REQUIRED ACTION: Please reproduce the listing verbatim, without its images.

DATASET EXTRACT:
******************************

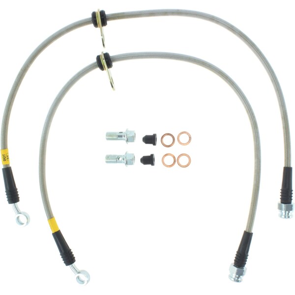 stoptech stainless steel brake line kit stoptech stainless steel braided brake lines provide a quicker; firmer; more consistent pedal response by maintaining consistent brake pressure. Additionally; stainless steel lines provide precision brake modulation; especially during threshold braking. The improvement in pedal feel is more dramatic on older vehicles where the factory rubber line may have softened and swelled due to age.a variety of end fittings are available to meet application needs. All fittings are engineered for proper fit and durability. All necessary brackets and fasteners are included with each line kit. Ptfe inner liner is resistant to expansion under pressure. Stainless steel woven braid provides support and resistance to impacts and abrasion. Clear pvc cover protects against chaffing. Strain relief devices reinforce end fittings. aplication summary: 2002 - 2006 acura rsx
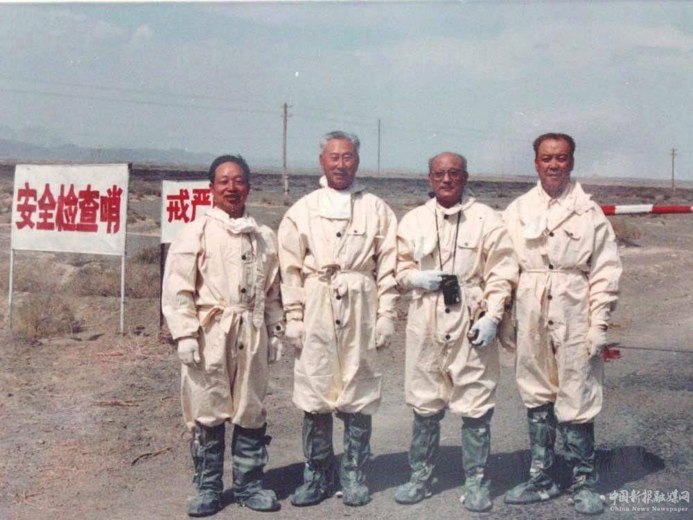 ↑一次核爆炸試驗(yàn)后,林俊德(左一)和參試人員從試驗(yàn)場(chǎng)區(qū)完成取樣任務(wù)后合影留念(資料照片)。新華社發(fā)
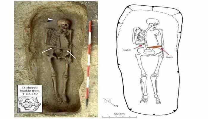 Bundan başqa skeletin üzərində bir ucu amputasiya olunmuş əlin yanında yerləşən uzun bıçaq tapılıb. Alimlər bunun protezin bir detalı olduğunu düşünür, belə ki, nekropolda olan digər kişi skeletlərində silah hər zaman sümüklərdən bir qədər aralıda yerləşib.
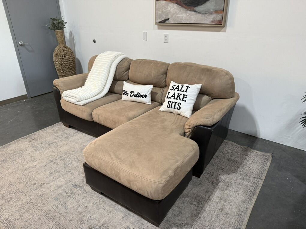 Follow Us On Instagram: SaltLakeSits Retail Price: $1600 Your Price: $499 ️ Tan microfiber sectional with dark faux leather base. Features wide padded arms, a right-side chaise, and plush cushions for comfort. A practical and inviting piece that works well in both casual and family-friendly spaces. 🫧 Expertly Cleaned 🫧 Dimensions: 85” x 60”

******************************

EXPECTED ANSWER:
 stoptech stainless steel brake line kit stoptech stainless steel braided brake lines provide a quicker; firmer; more consistent pedal response by maintaining consistent brake pressure. Additionally; stainless steel lines provide precision brake modulation; especially during threshold braking. The improvement in pedal feel is more dramatic on older vehicles where the factory rubber line may have softened and swelled due to age.a variety of end fittings are available to meet application needs. All fittings are engineered for proper fit and durability. All necessary brackets and fasteners are included with each line kit. Ptfe inner liner is resistant to expansion under pressure. Stainless steel woven braid provides support and resistance to impacts and abrasion. Clear pvc cover protects against chaffing. Strain relief devices reinforce end fittings. aplication summary: 2002 - 2006 acura rsx
 ↑一次核爆炸試驗(yàn)后,林俊德(左一)和參試人員從試驗(yàn)場(chǎng)區(qū)完成取樣任務(wù)后合影留念(資料照片)。新華社發(fā)
 Bundan başqa skeletin üzərində bir ucu amputasiya olunmuş əlin yanında yerləşən uzun bıçaq tapılıb. Alimlər bunun protezin bir detalı olduğunu düşünür, belə ki, nekropolda olan digər kişi skeletlərində silah hər zaman sümüklərdən bir qədər aralıda yerləşib.
 Follow Us On Instagram: SaltLakeSits Retail Price: $1600 Your Price: $499 ️ Tan microfiber sectional with dark faux leather base. Features wide padded arms, a right-side chaise, and plush cushions for comfort. A practical and inviting piece that works well in both casual and family-friendly spaces. 🫧 Expertly Cleaned 🫧 Dimensions: 85” x 60”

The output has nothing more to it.